Le traitement psychique aujourd’hui
Psyché : en grec, l’âme, le souffle de vie
- Soigner, changer
Que veut dire soigner un trouble psychique ?
Ce trouble ne peut être « supprimé » : les médicaments se bornent à n’en corriger parfois que les effets. Il ne peut être «rééduqué », ce que tentent de faire les thérapies comportementales. Il ne peut pas non plus être « apaisé », ce à quoi s’efforce le coaching. Il doit reprendre sa place dans l’esprit, mais comme élément constitutif non douloureux. Ne plus pleurer un être cher, ne plus avoir peur des avions, ne signifie pas abolir la disparition de cet être ou éliminer les avions…
Le XXème siècle a inventé la thérapie psychique, savante comme une science et libre comme un art.
Savante, elle élucide le trouble au moyen de la parole, en se servant de la connaissance de l’esprit, conscient et inconscient.
Libre, elle donne accès à l’imagination pour décrypter l’«humeur du réveil », rendre possibles les digressions révélatrices à travers le dialogue, saisir la personnalité dans son ensemble.
Un patient et un thérapeute se rencontrent : « deux individus assez effrayés », disait le psychanalyste Wilfred Bion. Ce risque et cette crainte font partie de la liberté thérapeutique, ils participent d’une re-création.
Soigner veut donc dire, en l’occurrence, modifier l’organisation psychique, et non l’amputer ou faire que le patient devienne une autre personne, mais réaménager ses potentialités.
- Qu’est-ce qu’un psychothérapeute ?
Seul praticien à avoir commencé par vivre lui-même un traitement psychique en bonne et due forme, le psychothérapeute n’est pas un maître mais un guide. Tel Virgile ou les autres accompagnateurs de Dante dans les cercles des mondes surréels, il encourage, montre le chemin au patient dans son voyage thérapeutique.
Avant d’avoir été expérimenté au XXème siècle en Europe, le processus naturel de la psychothérapie était connu dès la haute Antiquité. Un déterminisme quasi universel gouverne l’imagination humaine : à travers la reviviscence d’épisodes anciens, elle suit des phases qui, revécues autrement, ouvrent la voie d’un renouveau. Aucun destin n’est plus assigné au patient qui entreprend un traitement psychologique.
C’est la liberté de l’échange qui permet de comparer la psychothérapie à un art :
Par l’art seulement, nous pouvons sortir de nous, savoir ce que voit un autre de cet univers qui n’est pas le même que le nôtre et dont les paysages nous seraient restés aussi inconnus que ceux qu’il peut y avoir dans la lune. (Marcel Proust, Le temps retrouvé)
- Le bel aujourd’hui…
En Europe, la France compte le plus grand nombre d’étudiants en psychologie, de professionnels de la discipline, de consultations et de travaux d’intérêt psychologique.

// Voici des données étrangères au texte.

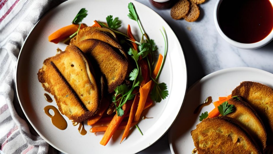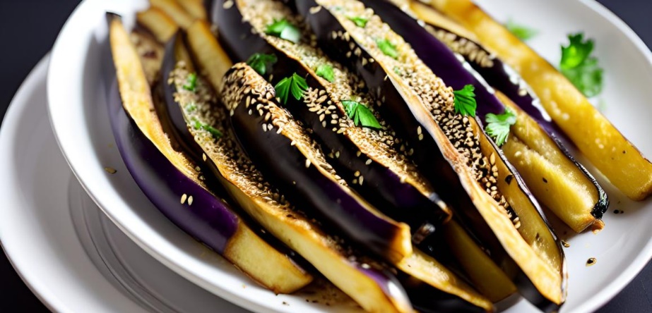 Вымойте баклажаны и нарежьте их полосками. Смешайте их с кунжутным маслом, семенами кунжута, солью и перцем и обжарьте во фритюре при 180 градусах в течение 20 минут.
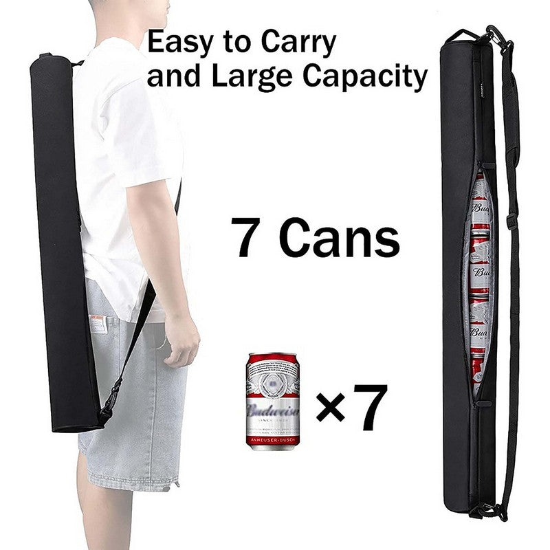 DISCRETELY STORES UP TO 7 CANS IN YOUR GOLF BAG – This thoughtfully designed beer cooler drinking accessory is the ultimate golfing companion. Fits in nearly all golf bag types and styles contains stand bags, cart bags, Sunday bags, and more.It is made of oxford and EPE form,PEVA lining. 35′ L x 3.5′ W x 3.5′ H

Cette profusion trouve amplement matière à s’exercer aujourd’hui : une réalité intrusive submerge les personnes privées, compromet leurs chances d’adaptation, entraînant le stress et des troubles inédits. Communication et jeux virtuels, accélération des échanges, normes technologiques inflexibles, épouvantes impromptues liées au terrorisme : de nouvelles angoisses d’abandon, d’annihilation se traduisent par l’affaiblissement du Moi, les fantasmes de perte.
Que devient le traitement psychique dans de telles conditions ?
Il dissipe ces troubles grâce à l’écoute attentive, à l’empathie, à la mentalisation des « angoisses catastrophiques ». Le cadre thérapeutique le permet, la parole affranchie relance la « croissance psychique » entravée, laisse renaître le sujet : on voit alors s’émanciper le vierge, le vivace et le bel aujourd’hui des civilisations qui vacillent, certes, mais se recréent.